The recent wild fluctuations seen in the stock market's performance haven't just freaked out banking customers. It's also worrying those with mortgages, like Steve Seffens of Westminster.
"How can I find out if my bank and my mortgage company are sound?" Seffens asked. "I found PNC Bank on the FDIC Web site - the information was not useful, unless you're a financial analyst, and I couldn't even determine if PNC is insured under the FDIC.
"I would also like to be able to determine if my mortgage is safe," Seffens said. "I've read of mortgage companies that went under or were purchased without informing the homeowners, who continued to make mortgage payments (mine are automatically deducted from my checking account) which were not credited and [the homeowners] subsequently lost their home to foreclosure."

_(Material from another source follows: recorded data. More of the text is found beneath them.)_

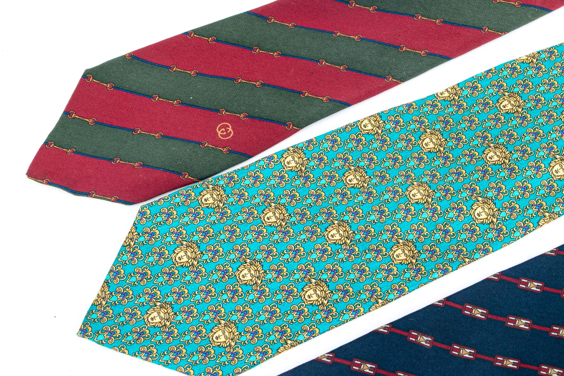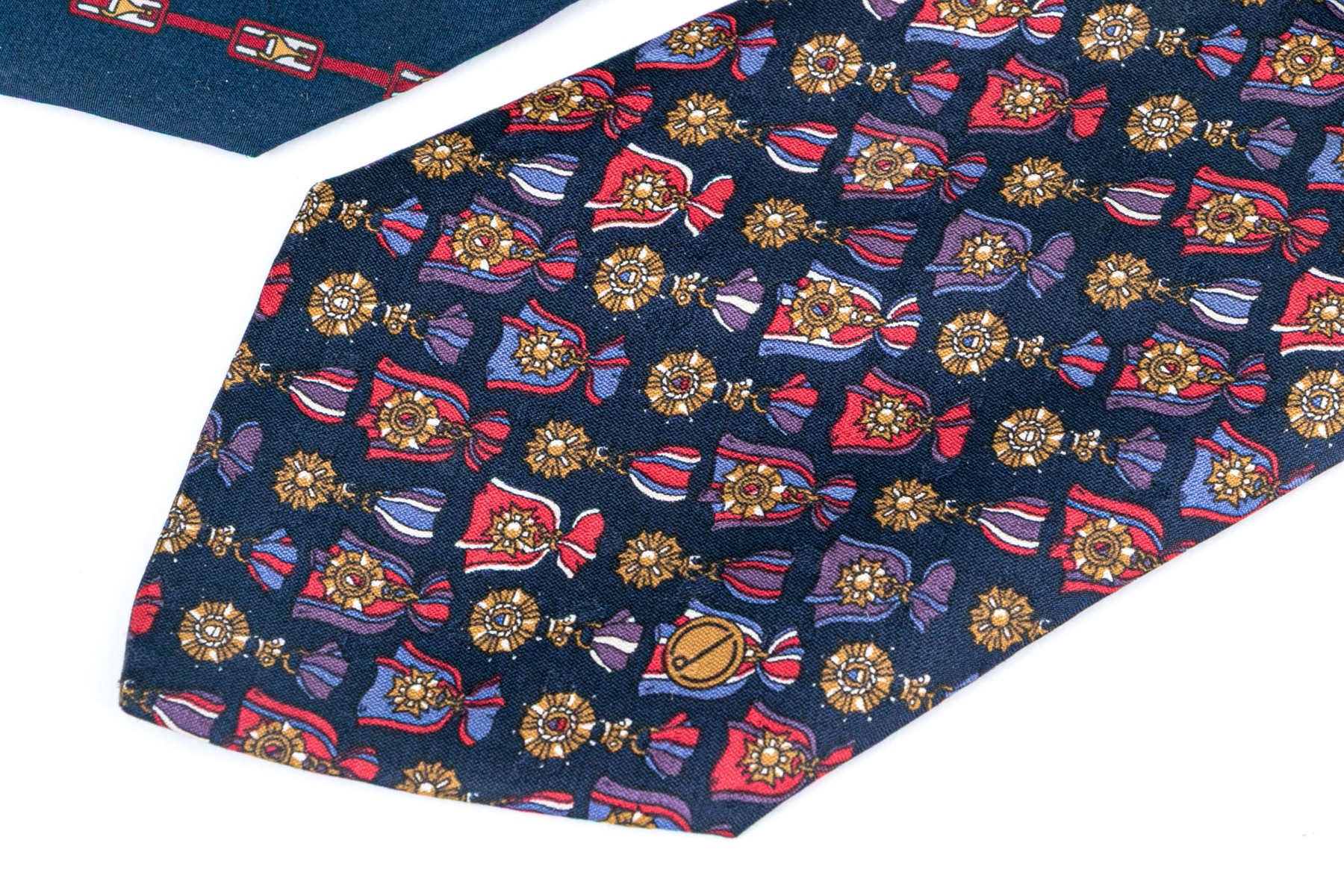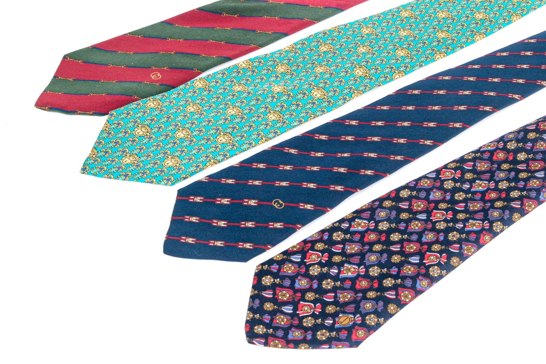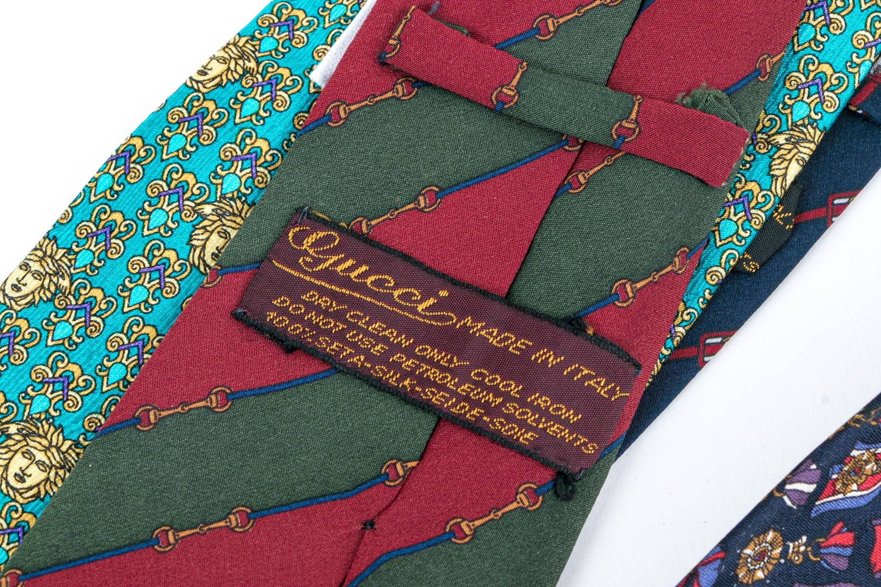 An excellent set of four high quality silk men's ties with makers including Gianni Versace, Gucci, and Dunhill. Each beautifully designed with classy patterns and vibrant colors.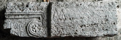 - gerahmtes Schriftfeld, sogenanntes Barockmotiv mit Rosette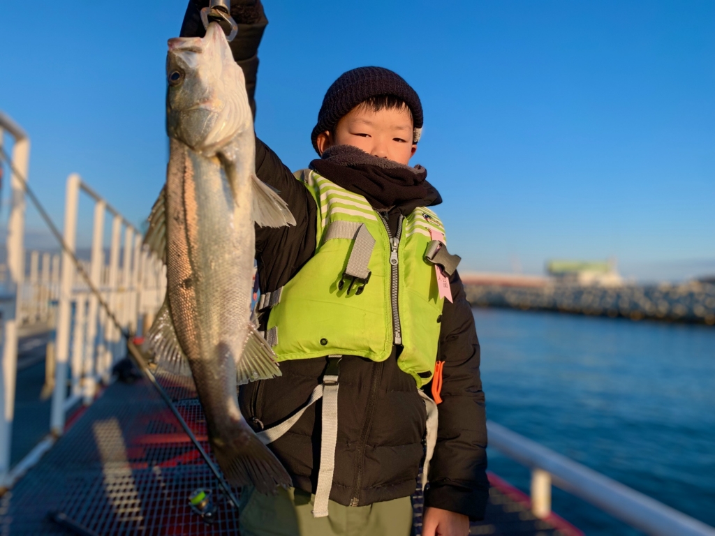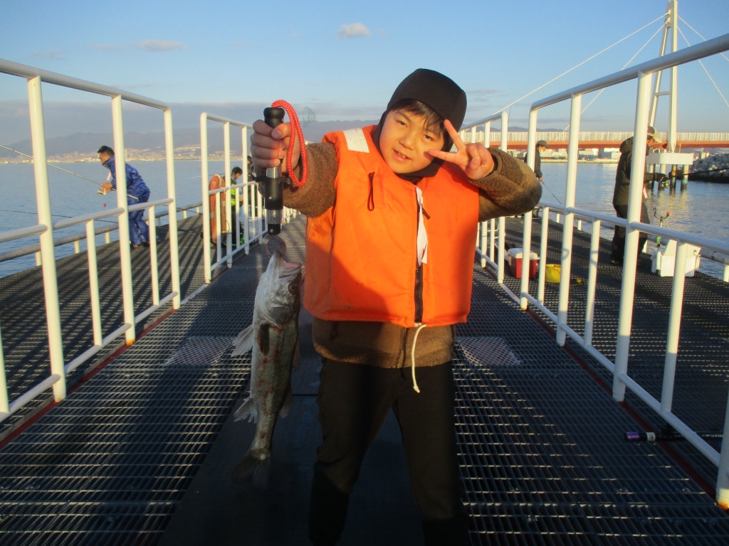 生駒市の晃佑くん、初めて釣れたハネは45cmおめでとう👍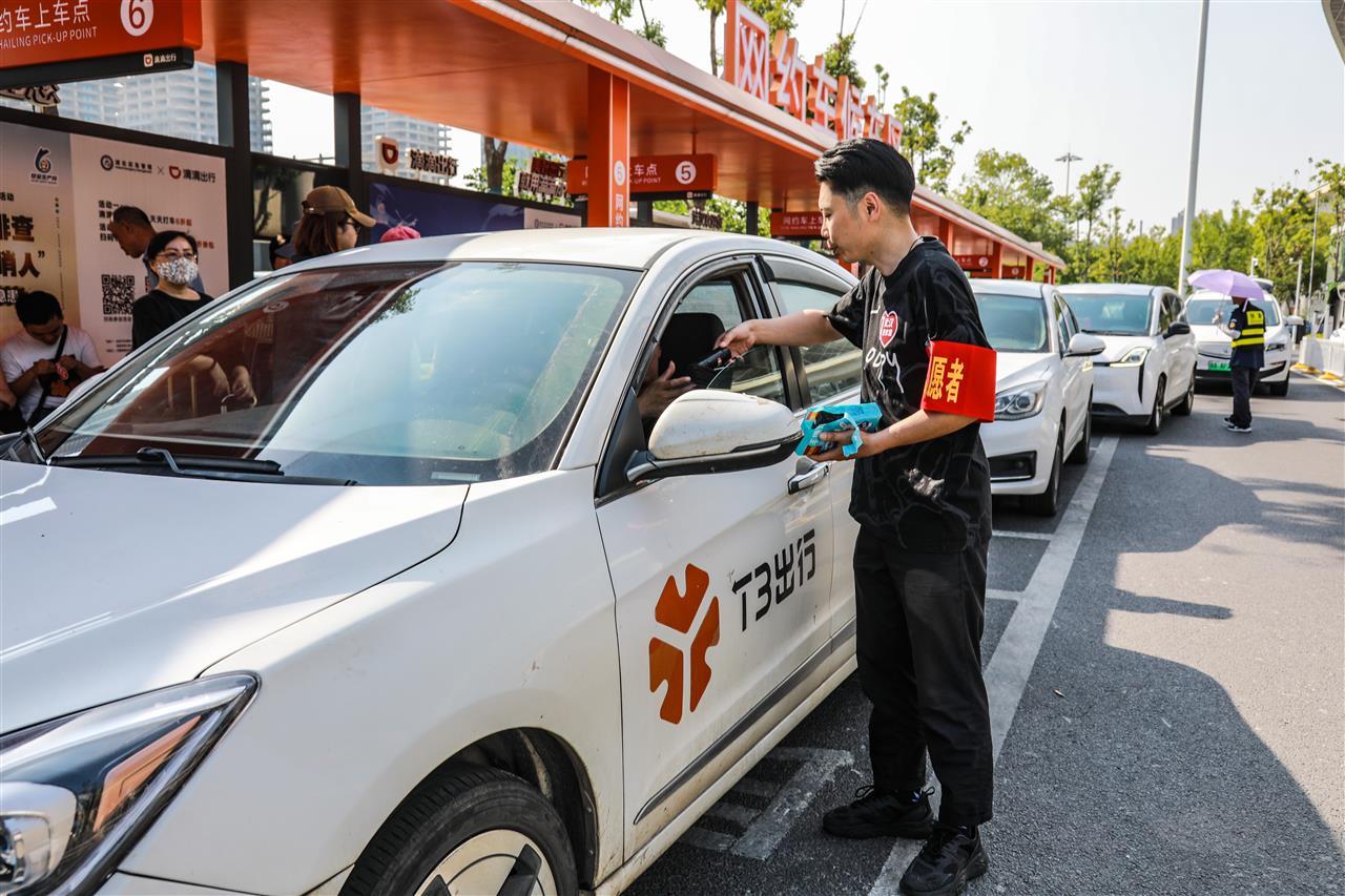 志愿者给网约车司机赠送垃圾袋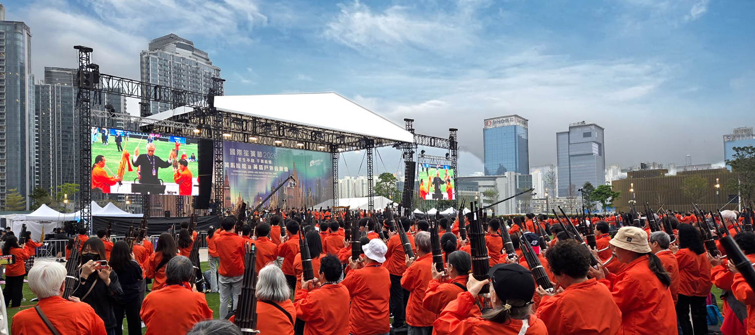 在「國際笙簧節2026」,香港中樂團匯聚逾千名中、西方各類簧片樂器愛好者同台合奏,攜手挑戰健力士世界紀錄™「最大規模的簧鳴樂器合奏」稱號。活動當中,包括由華懋集團全力支持、由荃灣區90位長者組成的「笙生不息 — 荃灣樂齡隊」,一同在舞台上締造世界紀錄,展現中華三千年禮樂文化的魅力。

When it comes to the financial health of your bank, you could go to the Federal Deposit Insurance Corp.'s Web site and try to read your bank's financial statements, which might feel like trying to translate ancient Macedonian into Inuit.
Or you could take the easier approach by going to Web sites such as www.Bankrate.com, www.BauerFinancial.com or www.thestreet.com to read reports or ratings systems on your bank. It's also probably wise to go to the FDIC Web site to make sure your bank is FDIC-insured - which PNC Bank is. And if you're really worried, you can always double-check what you find with your bank and ask it point-blank about its financial status.
When it comes to finding out about the financial health of your mortgage company, that process is a little more difficult.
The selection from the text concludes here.